To try and capture how they do, analysts like Dave Wasserman point to the divide between Whole Foods and Cracker Barrel counties. In 2016, Donald Trump won 76 percent of counties with a Cracker Barrel and just 22 percent of counties with a Whole Foods. That’s a vivid mental picture. But most of America falls outside it. Roughly 200 of the 3,200-odd counties in the United States have a Whole Foods. No more than 650 have Cracker Barrels. A swingy, politically diverse state like Pennsylvania has fourteen Whole Foods, twenty-five Cracker Barrels, and sixty-seven counties. Six Pennsylvania counties have both, and forty-three have neither.
Here’s a better way to track hardship across space: SNAP-authorized dollar stores. There are over 30,000 dollar stores in the United States, and about two-thirds of them are authorized to accept Supplemental Nutrition Assistance Program payments. Each SNAP-authorized dollar store location reflects a series of specific locational assessments: that rent here is low, low-income demand is high, and the number of folks on food stamps who will rely on this store for groceries will make up for the cost of stocking goods that meet USDA authorization criteria.
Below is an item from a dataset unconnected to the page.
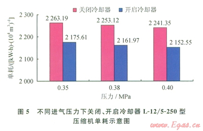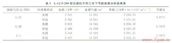 2)結(jié)合現(xiàn)場條件,對L-12/5-250型壓縮機(jī)第二、四級級間回氣管上加裝冷卻器后,在0.35、0.38、0.40Mpa,3種進(jìn)氣壓力下取得的對應(yīng)節(jié)能比分別為3.87%、4.04%、3.96%,驗證了該節(jié)能技術(shù)的可行性。

It’s no surprise, then, that congressional districts with more SNAP-authorized dollar stores are less well off, with lower life expectancies, lower educational attainment rates, and lower median incomes.
There are fewer SNAP-authorized dollar stores in dense districts in part because more people live within range of any given store. But other factors are also responsible for keeping the number of dollar stores low in some areas, including high retail rent, strong local merchants, and public policies that promote better food options. Because SNAP-authorized dollar store locations crystallize all these dimensions, classing districts by the number of stores they contain creates sets that are more homogenous than categorization by density, while still capturing density as a key component.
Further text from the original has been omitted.